What to watch most closely

Plumbing commands are closer to Git internals, so check whether a safer high-level command already solves the problem.

A safer working habit

Treat it as a read-only inspection tool first, then move to write-oriented usage only when necessary.

Useful angles for understanding it

  • Inspect lower-level objects and refs
  • Write scripts or debug advanced issues
  • Verify internal repository state

Related reading

Read it alongside git status, git log, and git show so it is easier to see how the command changes history, refs, the index, or the working tree.

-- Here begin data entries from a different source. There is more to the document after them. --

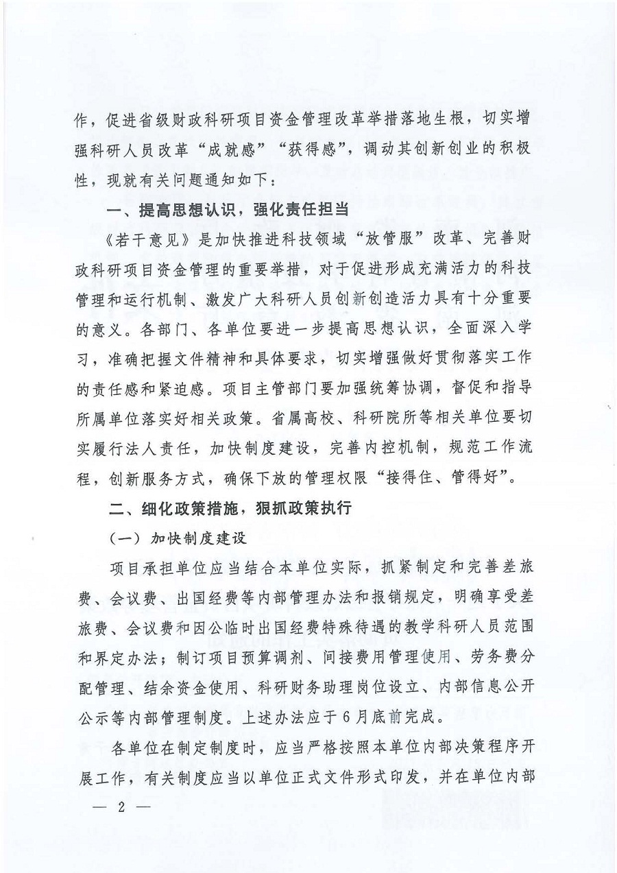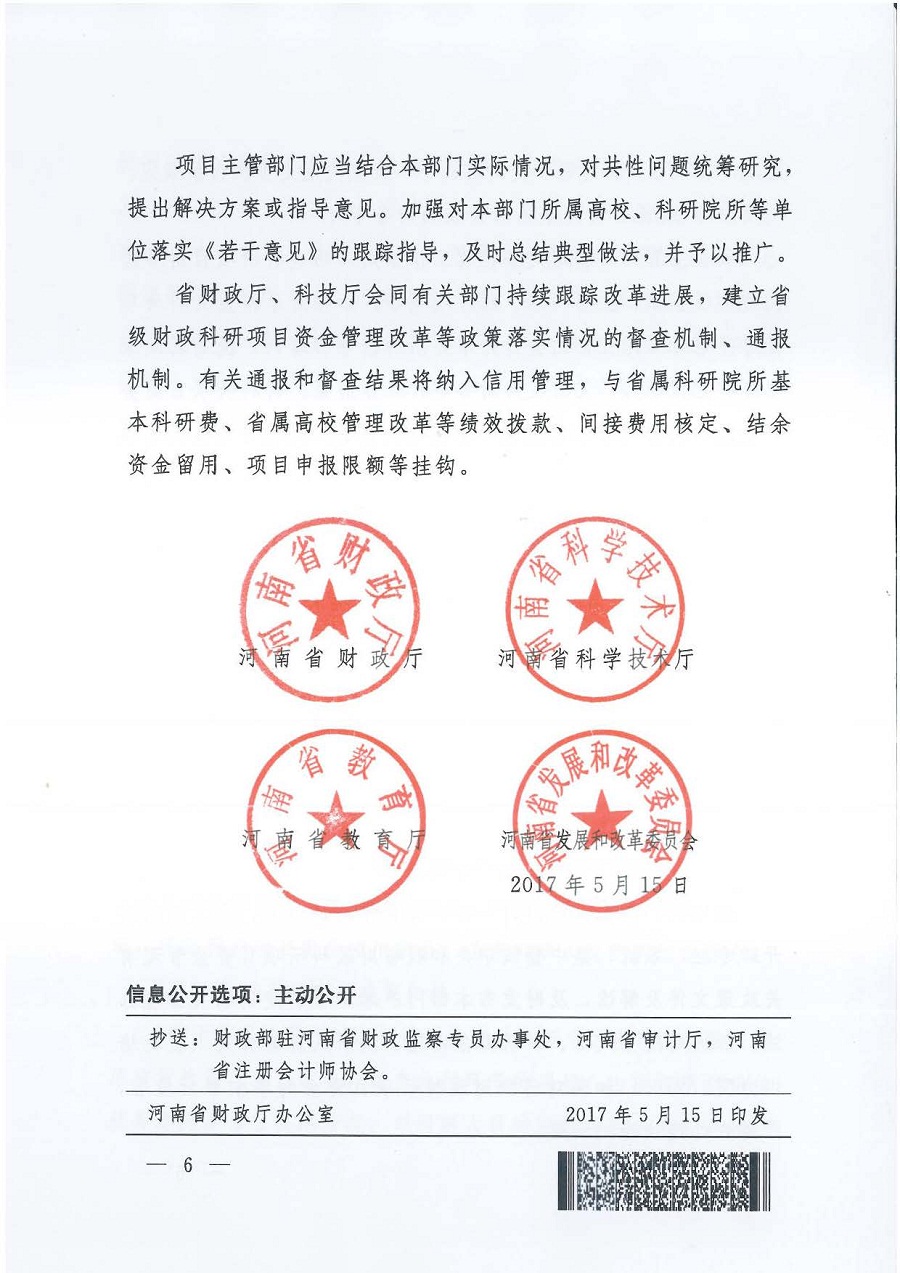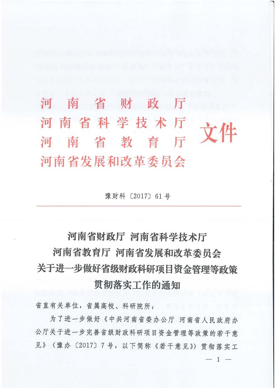 河南省财政厅河南省科学技术厅河南省教育厅河南省发展和改革委员会关于进一步做好省级财政科研项目资金管理等政策贯彻落实工作的通知
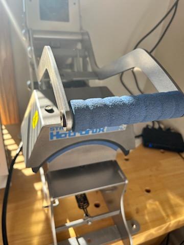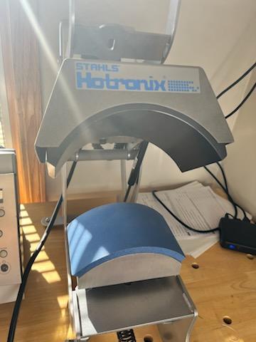 Hat press Great for Christmas if you know anyone wanting to get into hats. $400 used on one hat. Heavy duty bought from Stahls. Comes with two different size platelets. Auto open.
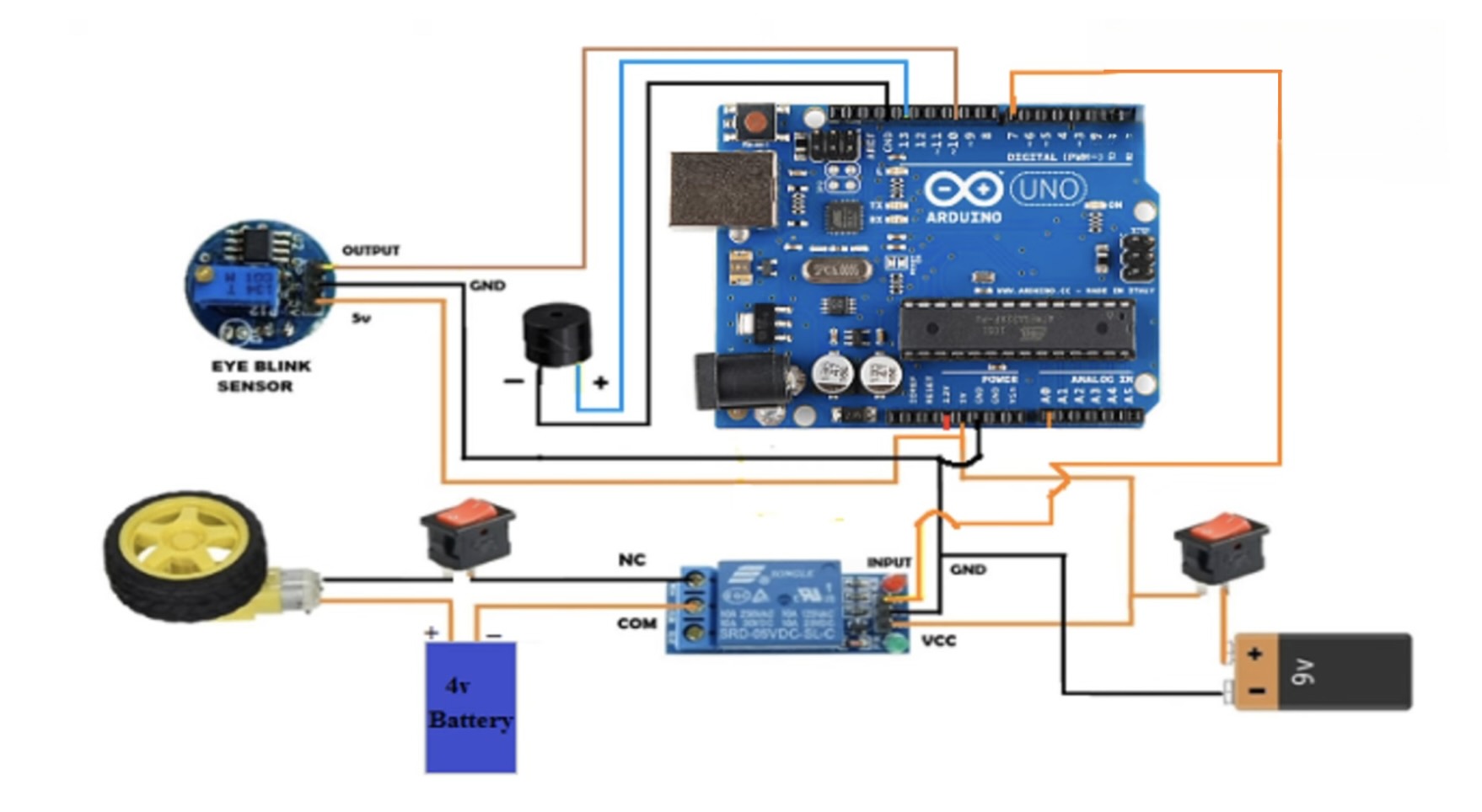 In this project, we’ll devise a smart system using Arduino UNO and a blink-eye sensor to monitor driver alertness. If the driver shows signs of drowsiness, the system takes proactive measures to prevent a potential accident. This includes alerting the driver and, if necessary, controlling the vehicle to ensure safety.
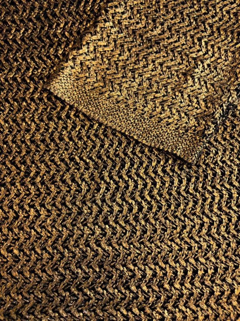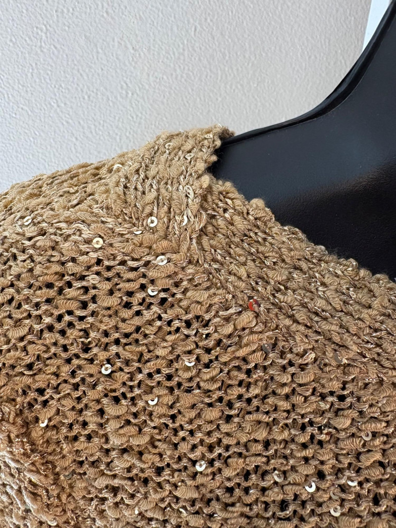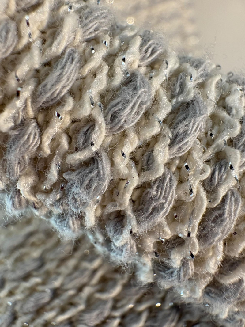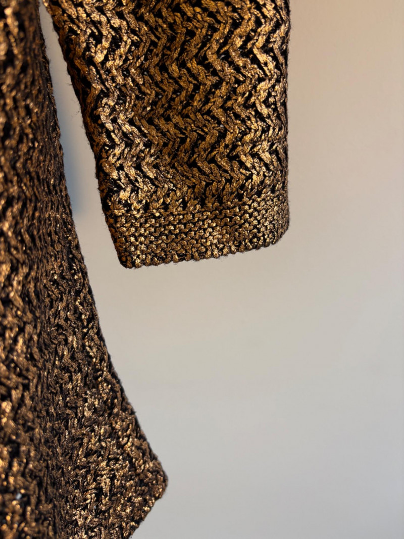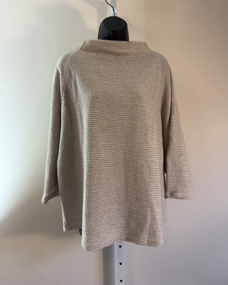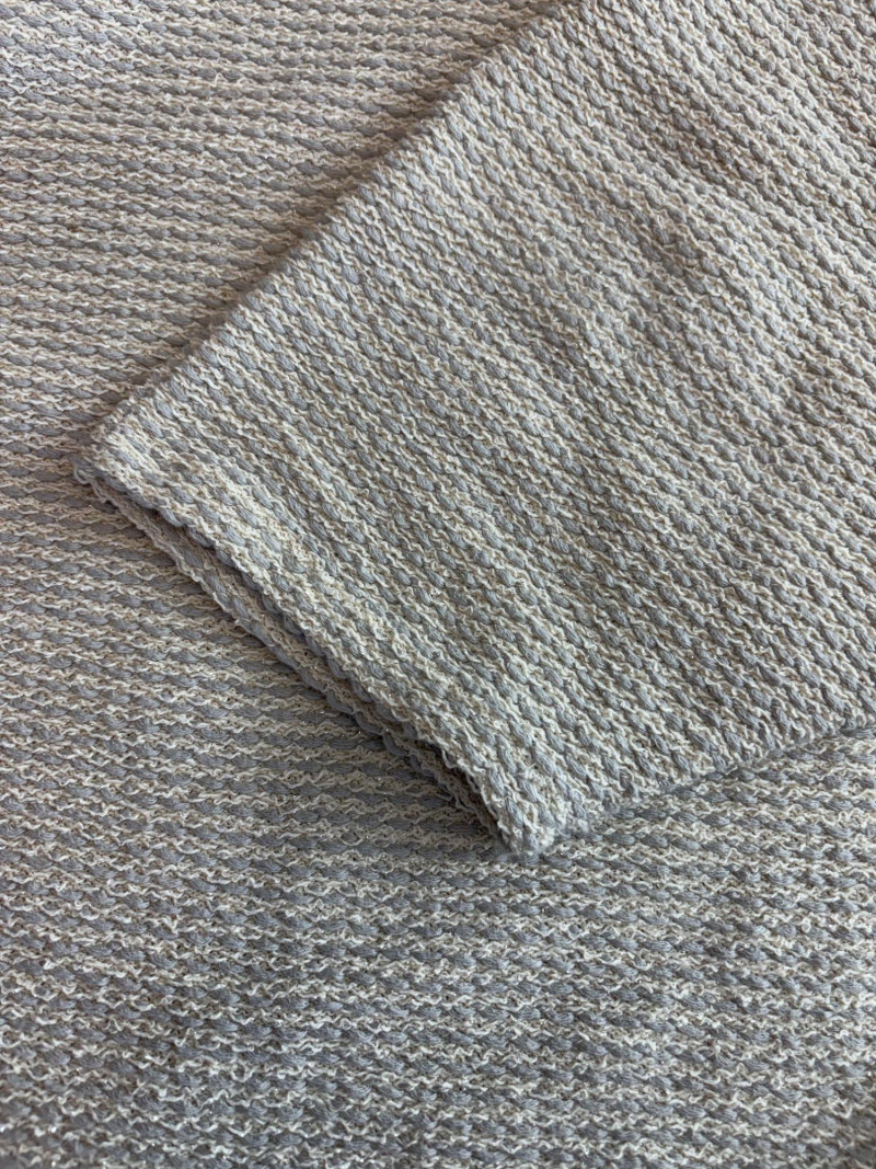 Three special occasion sweaters with a little bit of glitz. All from Chico’s and all in very good used condition Loosely woven gold sweater with gold sequins has wide ribbed cuffs and narrow ribbed hem. 44% polyester, 40% acrylic, 15% nylon, and 1% metallic. Measures 22.5" pit to pit and 25" from back neckline to bottom hem. Size tag says 3. Black and gold zigzag sweater has ribbed neckline and cuffs. 64% cotton with 38% acrylic. Measures 23" pit to pit and 26.5" from back neckline to hem. Size tag says 4. Funnel neck sweater has raglan sleeves in a gray & cream knit with small bits of silver thread. 90% cotton and 8% polyester with 2% other fibers. Measures 24.5" pit to pit and 27" from back neckline to hem. Size tag says 3. We noticed a small spot near the right sleeve, but believe it will launder out - see last photo.
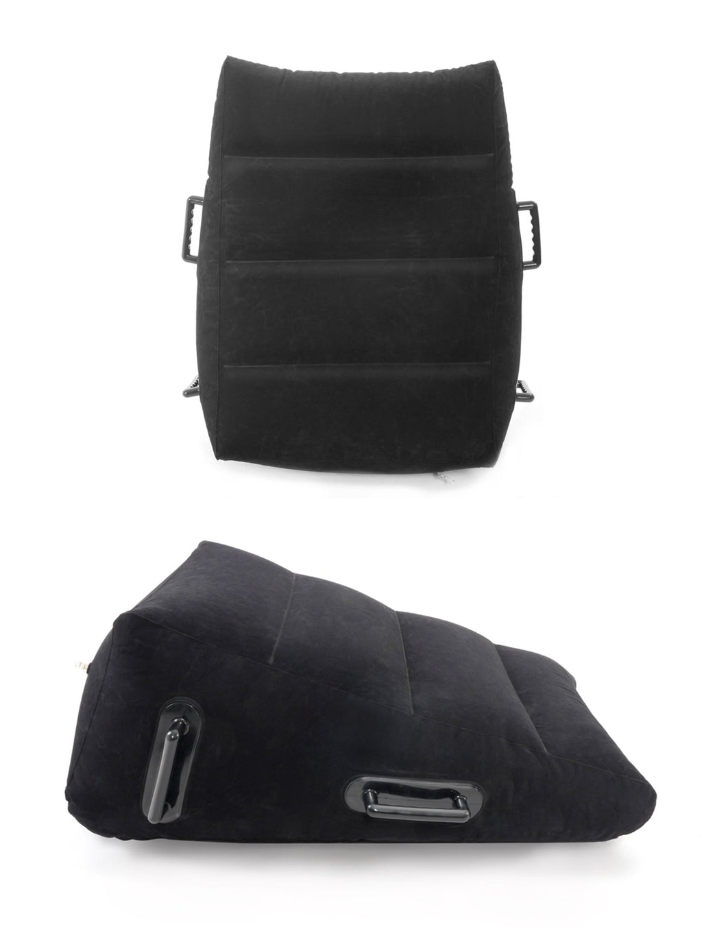 Indulge in your wildest fantasies with this Inflatable Position Master. The slanted, flocked design allows you to relax in any position without sliding off, while the EZ-Grip love handles are perfect for maintaining difficult positions without losing your rhythm. The air seal valve makes inflating the wedge a snap, and when the fun is over, simply deflate the Position Master and it's ready to go where you go. It's perfect for those romantic getaways and no one will know whats in your bag! Do it all with greater ease...no matter what position you're in! And lubricant doesn't even show up on the surface making it easy to clean, too!
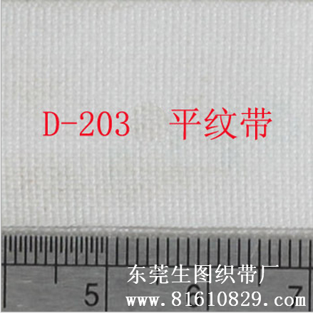 此款D-203绦纶平纹织带,各种宽度均可生产,精细织造,织纹细腻紧致,并具有棉纱特有的柔软舒服的特性,高档品质,用心织造.
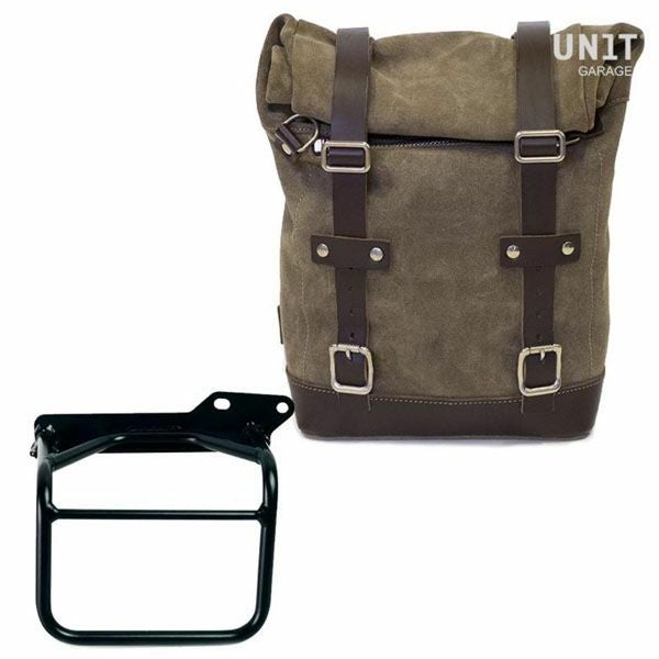 ロイヤルエンフィールド ヒマラヤ/スクラム411 ワックス防水加工スプリットレザーサイドバッグ モスグレイ &サポート フレーム右側 キット ユニットガレージ
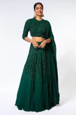 Glam up your sangeet looks in this scintillating emerald green lehenga set. It features a buttoned up sequin embroidered blouse paired with matching lehenga & dupatta. Add a delicate maang tikka to top off your look.
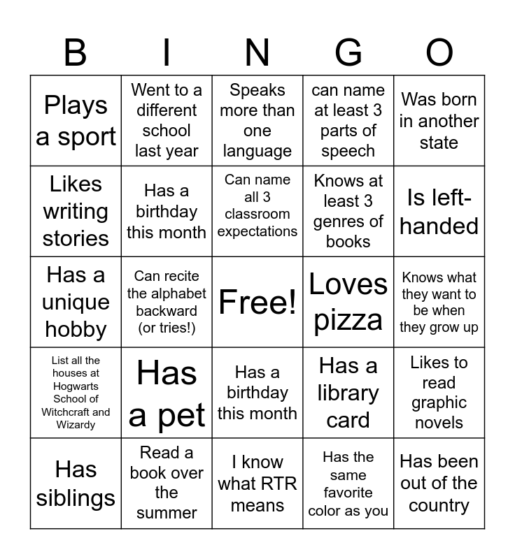 This bingo card has a free space and 24 words: Has a pet, Read a book over the summer, Can name all 3 classroom expectations, Has siblings, Was born in another state, Plays a sport, Likes writing stories, Went to a different school last year, Loves pizza, Has a birthday this month, Knows at least 3 genres of books, Has a unique hobby, Has a library card, Likes to read graphic novels, Has a birthday this month, Has the same favorite color as you, Knows what they want to be when they grow up, Speaks more than one language, Is left-handed, Can recite the alphabet backward (or tries!), Has been out of the country, List all the houses at Hogwarts School of Witchcraft and Wizardy, can name at least 3 parts of speech and I know what RTR means.
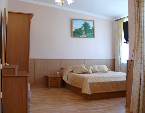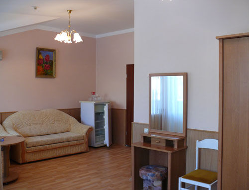 В номере: двуспальная кровать, журнальный столик, стулья, встроенный шкаф, вешалка для одежды, зеркало, халат, фирменные туалетные принадлежности, фен. Возможно 2 доп. места (раскладной диван, кроме номера для молодоженов). Максимальное размещение 4 чел. Панорамный вид на море, город, горы. Всего- 4 номера.
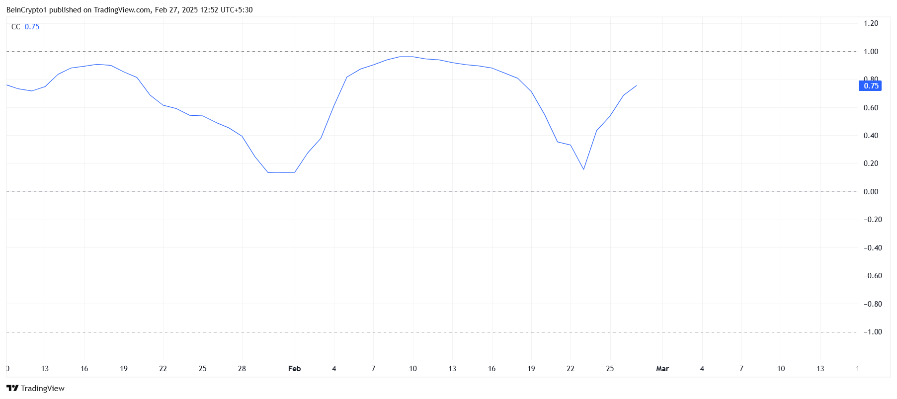Cardano-ның Bitcoin (BTC) валютасымен корреляциясы тұрақты түрде артып келеді. Қазіргі уақытта корреляция 0,75 деңгейінде, яғни ADA Bitcoin-мен бірге қозғалып келеді. Bitcoin қысқа мерзімде төмендеу қысымына тап болғандықтан, Cardano оның қозғалыстарын қайталауы мүмкін, бұл бағаны төмендетуі ықтимал.

What problem this command solves in a workflow

git ls-tree solves the problem of "what files and directories does a given tree object contain?". It lists the directory and file entries inside a specified tree object, showing each entry's type, mode, and blob hash.

Typical use cases

  • View the complete directory structure of a commit by running git ls-tree -r HEAD to recursively list all files and subdirectories.
  • Parse the contents of a specific directory in a script by using git ls-tree HEAD:src/ to see file entries under a given path.
  • Verify the blob hash of a file in a specific commit with git ls-tree HEAD path/to/file to retrieve its object ID.

Diagram view

List tree object contentsls-tree reads tree objects from the object database and outputs their directory and file entries. It is a pure read-only operation.
Tree object
Tree object referenceRecursive optionTarget path
Outputs
File modeObject type (blob/tree)Object hashFile path
ls-tree only reads tree object contents without changing anything. It shows the directory structure at a specific snapshot moment.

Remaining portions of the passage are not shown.